= Timaeus the Sophist =

Ancient Greek philosopher

Timaeus the Sophist (Τίμαιος ὁ Σοφιστής) was a Greek philosopher who lived sometime between the 1st and 4th centuries. Nothing is known about his life.

He is the supposed author of a Lexicon of Platonic words, which is still extant. The purpose of the Lexicon was to explain the usage of words and phrases which occur in Plato's works, and made use of earlier commentaries on Plato which are now lost. It underwent significant additions and subtractions of text during later periods leading to the inclusion of many words which have nothing to do with Plato or his philosophy.
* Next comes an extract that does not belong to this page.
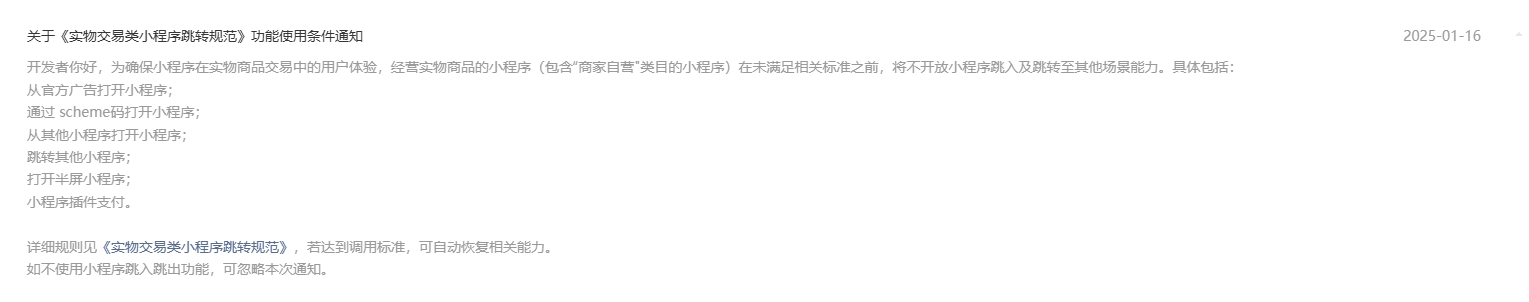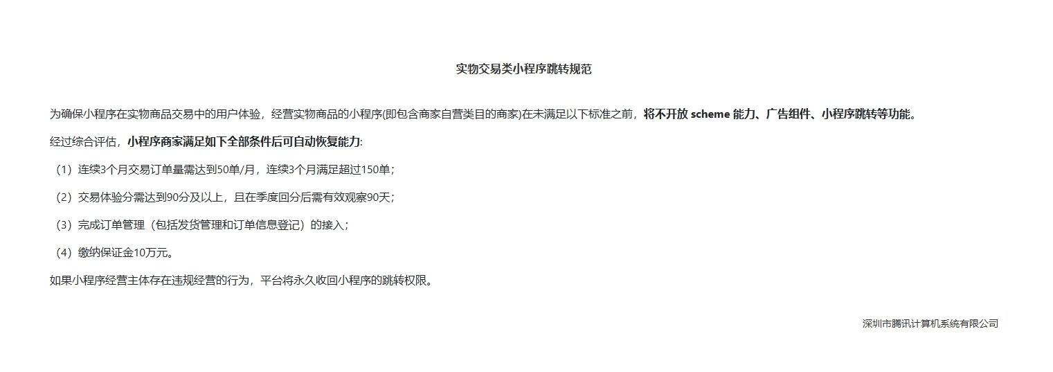 不过该调整只影响scheme 能力、广告组件、小程序跳转等功能,并不会影响小程序其他能力,不会影响到小程序的正常运营。

The first complete edition of the Lexicon, prepared by David Ruhnken, was published in Leiden in 1754.

==Lexicon==
Timaeus created the lexicon on the basis of older Plato commentaries, which have not been preserved. He gives his name in the dedication letter. He dedicates the work to a friend, an otherwise unknown Roman, for whom the Greek name forms Gaiatianos and Gaitianos have been handed down; he may have been called Caietanus, Gentianus or Gratianus. The time of composition is difficult to determine; a quote from a work by the Neoplatonist Porphyry has no definitive value for the dating, since it is probably an interpolation.
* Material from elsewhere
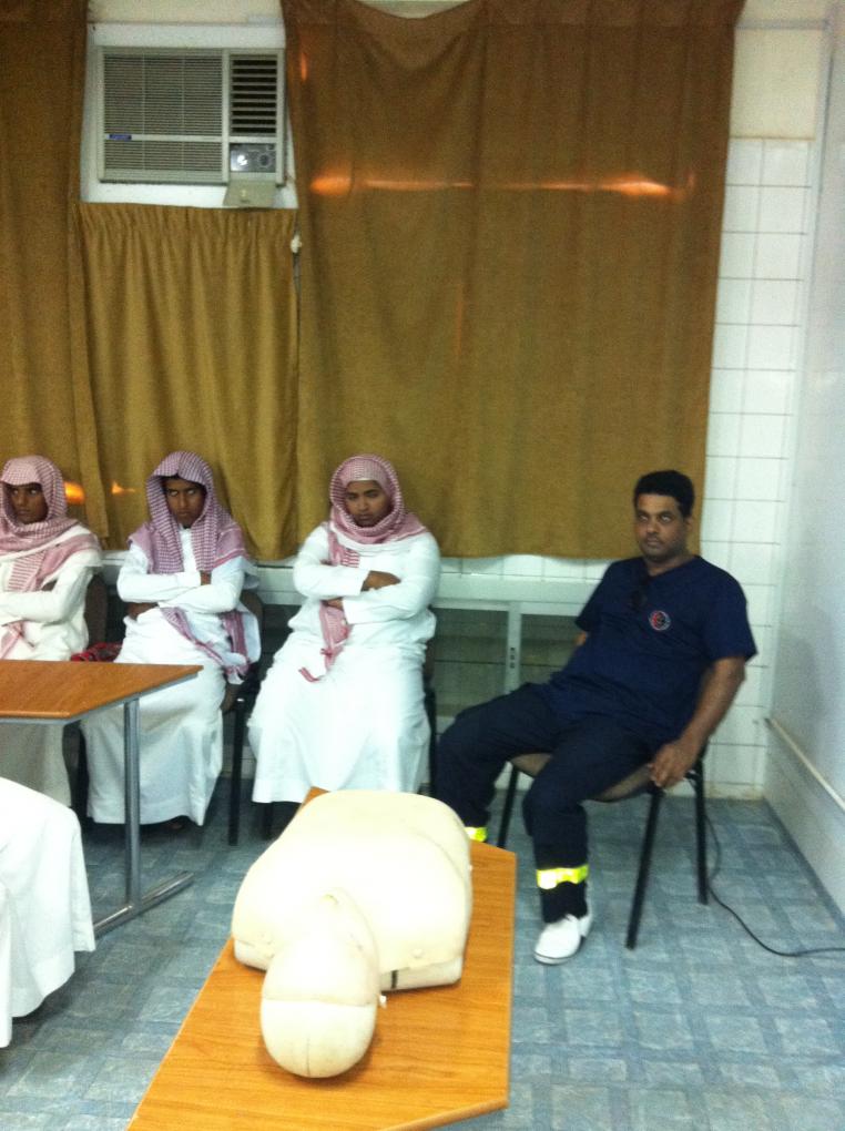 قامت الوحدة الصحية المدرسية بمحافظة بدر في يوم الأحد الموافق 16 / 5 / 1433بالإشتراك مع مركز الهلال الأحمر بمحافظة بدر بإقامة دورة للإسعافات الأولية بمدرسة ثانوية سفيان بن ثابت الأنصاري ومتوسطة بن النفيس بالواسطة ( تبعد قرية الواسطة حوالي 20 كلم شرق مدينة بدر ) وذلك في إطار برنامج المدارس المعززة للصحة وقد انتقل فريق الوحدة ( الذي تألف من الأستاذ سامي رجا الله الصبحي مدير الوحدة الصحية و كذلك طبيب الوحدة الصحية و الممرض محمود زكريا سليمان ومساعد الصيدلي عبد الله السهلي الحربي ) إلى المدرسة حيث التقوا هناك مع المسعف عبد الرحيم الأحمد وكان في استقبالهم فضيلة الشيخ / غازي بن حميد الرويثي مدير المدرسة الذي رحب بالفريق ثم اصطحبهم الأستاذ سعود عتيق الصبحي ( المرشد الطلابي والمرشد الصحي ) إلى غرفة مصادر التعلم حيث تواجدت جماعة الصحة بالمدرسة والتي تتألف من طلاب من كل صف وكذلك معلمين . و في البداية قام طبيب الوحدة بإلقاء محاضرة وكذلك تم عرض شرائح داتاشو أعد خصيصا لهذا البرنامج ثم تبعه بعد ذلك المسعف عبد الرحيم الأحمد حيث شمل البرنامج مواضيع عدة منها الإنعاش القلبي الرئوي والـغصة و............إلخ وعقب ذلك تم الندريب العملي على الدمى المحاكية للكبار والصغار ولقد قام مدير الوحدة الصحية وكذلك مندوب الهلال الأحمر بإهداء بعض الكتب الصحية إلى المدرسة . وإليكم بعض الصور الملتقطة خلال تلك الزيارة التعديل الأخير تم بواسطة أحمد صلاح الحفني ; 2012-04-22 الساعة 11:21 AM. |

Among the 468 alphabetically arranged expressions, which Timaeus usually only briefly explains, there is not a single philosophical technical term. More than a third of the expressions occur in Plato only in a single place. As Timaeus states in the letter of dedication, he is concerned with clarifying words and phrases with unusual meanings and dialectal peculiarities of Plato's Attic language, which not only the Romans but also most Greeks of his time are not familiar with. Occasionally he also goes into the etymology.
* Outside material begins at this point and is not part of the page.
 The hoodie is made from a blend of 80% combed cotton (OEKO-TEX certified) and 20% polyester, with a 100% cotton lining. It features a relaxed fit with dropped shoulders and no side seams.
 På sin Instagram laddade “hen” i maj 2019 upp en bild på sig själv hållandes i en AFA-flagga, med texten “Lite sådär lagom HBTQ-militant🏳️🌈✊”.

The lexicon has only survived in a single manuscript from the 10th century, which is now in the French National Library in Paris. The version that has been preserved contains additions that do not come from the author. This is evident from the fact that numerous words are included that Plato never uses and that some words are given different meanings than those relevant to Plato's texts. The lexicon was probably gradually expanded after the death of its author. In some cases only one of several meanings of an expression occurring in Plato's works is given. While in earlier research it was assumed that the surviving text was complete, according to the current state of research it can be assumed that the manuscript contains only an abridged version.

==Legacy==
So far, no reliable traces of the use of the lexicon in antiquity have been found. Whether the Neoplatonist Ammonius Hermiae of Alexandria (5th century) used it for his commentary on Plato's dialogue Phaedrus is uncertain. Around the middle of the 9th century, the famous Byzantine scholar Photios consulted the lexicon, which he considered to be of relatively little value, and made notes about it in his Bibliotheca. In the early modern period, the encyclopedia was unavailable. The manuscript reached France in the 17th century, where the scholar Bernard de Montfaucon discovered it in a French private library and published a partial edition in 1715. The first detailed study of the manuscript and edition of the Lexicon was produced in the late 18th century by David Ruhnken (1754; 2nd ed. 1789) who also provided a detailed commentary. There was a revised version of Ruhnken's second edition by Georg Aenotheus Koch in 1828.